To remove this panel the first thing you do is remove the small speaker grill from the top (This has the lump that looks like an alarm sensor), that pops out using a thin screwdriver. Once out you'll see a single hex screw. Once that's undone you gently prise and pop the clock display piece out. You'll see from the photo above the clock display is separate to the silver vent housing, so that clips out (It folds upwards towards the windscreen). The clock has a clip connector behind it, so does the speaker. The speaker is a pop/plug connector that just pulls out. The clock connector has a mini lever on it you press and turn to disconnect.

Once that's out you can then remove the further 3 hex screws which hold the air vent unit in, this again is clipped in at either side of the vents and then with two clips downwards towards the radio position. This whole unit then comes out, again the connector at the back for the airbag, etc, is a mini lever that once you release the clip on it, turning the lever will disconnect it and let you remove it. REMEMBER: DISCONNECT BATTERY FIRST!
You can see the connector in the middle of this photo:


That's the unit removed, so now we have the plastic surround that the radio sits against (It's the piece with the connector sitting on it, so that's the top of our radio mount). In this case I thought the easiest was to drill two small holes into this, and then use a screw through this plastic piece and into the radio to hold it in place.



Once the screws were in and tested I turned to the wiring. Luckily the connector Vauxhall uses is almost identical to the one used by Ford, so this was just a clip in plug.

The above is similar to what I used, you need the antenna power/can unit for the Vauxhall Corsa. Clipping the main block into the factory car connector was easy, however as I found before, there is NO ignition switched power on this factory connector (It uses the CANBUS car network to control it), therefore the alternative wire I'd put in from elsewhere was needed again. This was a separate wire I put in that provided power from the ignition, and so would control the radio on/off, etc. So I cut the wires that went to the connector and wired these into my ignition. Wired in the power to the antenna amplifier block (the silver can), and added the rear reversing camera connections to it (Already fitted a while ago). Turned the ignition on and it all powered up perfectly! Audio was good, and actually really loud for the car, using only 4/5 volume setting and it was perfect.

To fit it back in I fastened the two screws in place that holds the radio in, then refitted the silver fascia and then the top clock/plastic.
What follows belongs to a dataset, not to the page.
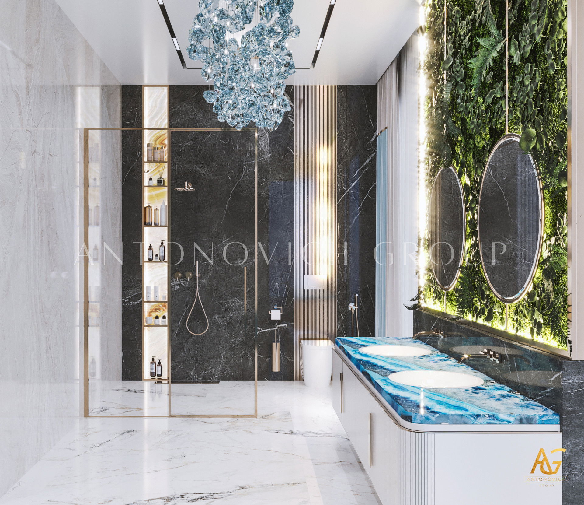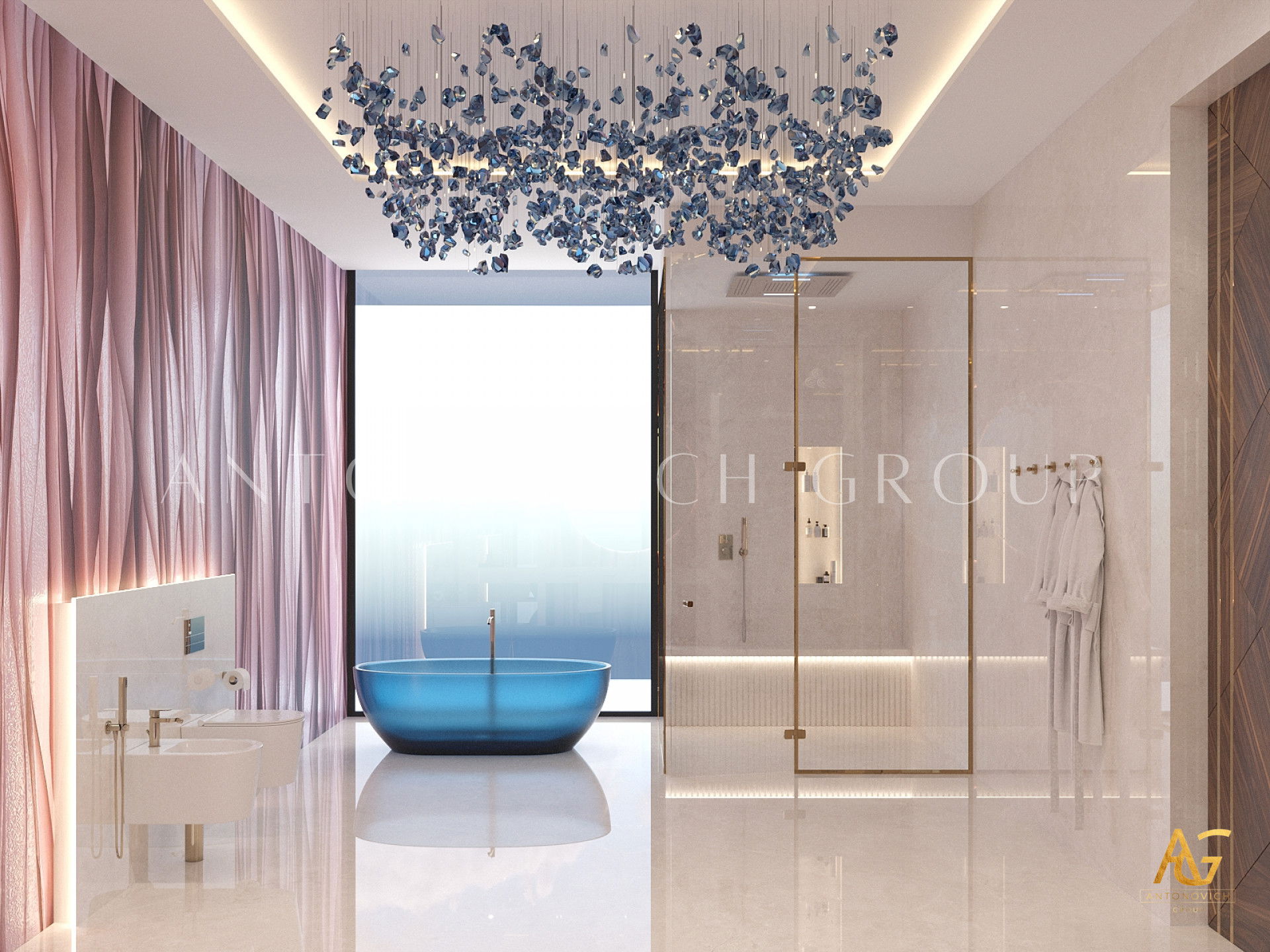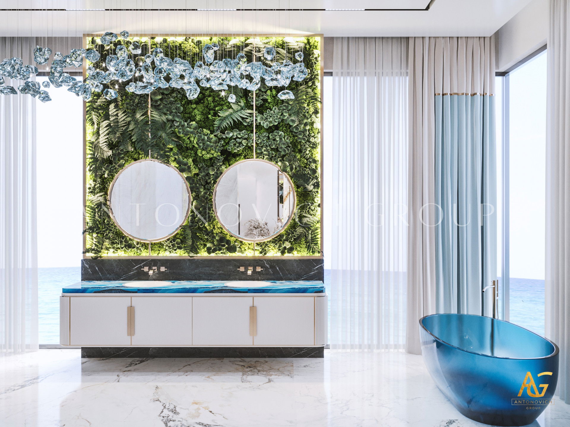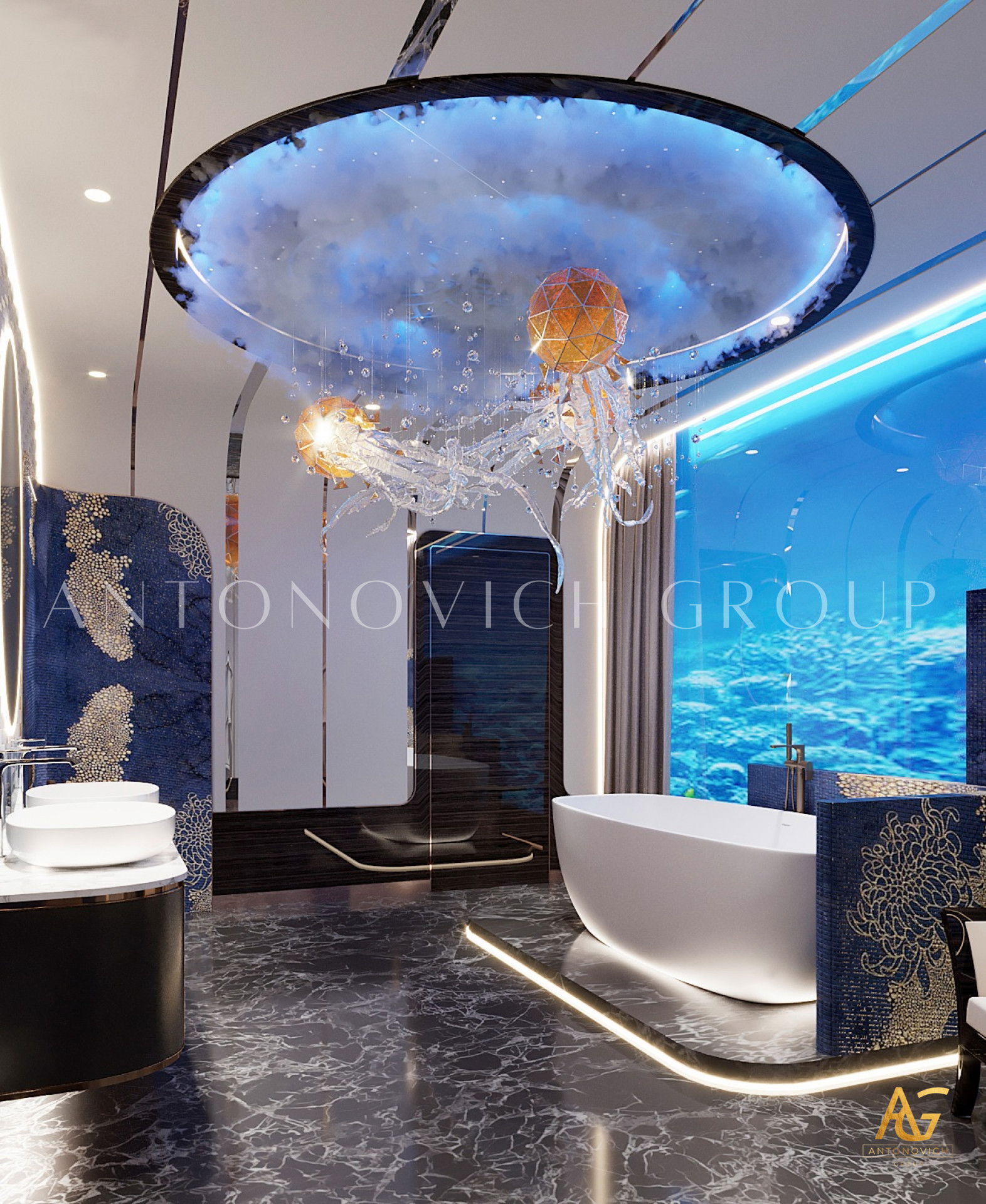 The underwater bathroom is a sanctuary of spa-like serenity. Antonovich Group's residential interior design Dubai includes features such as a glass-enclosed shower with a panoramic view, bringing the beauty of the ocean directly into the bathing experience.

Something else I found, the silver fascia was a difficult fit back in, due to the radio being slightly larger, so potentially this might not fit properly in future, will keep an eye on it and see if it pops back out!
There is also the heater/blower vents at the back which are soft plastic, make sure you check at the back and line them up as they can easily be squashed when you push the fascia back in if it's not fully lined up.

However, not a bad piece of work and the results are pretty good, even though it sticks out a bit!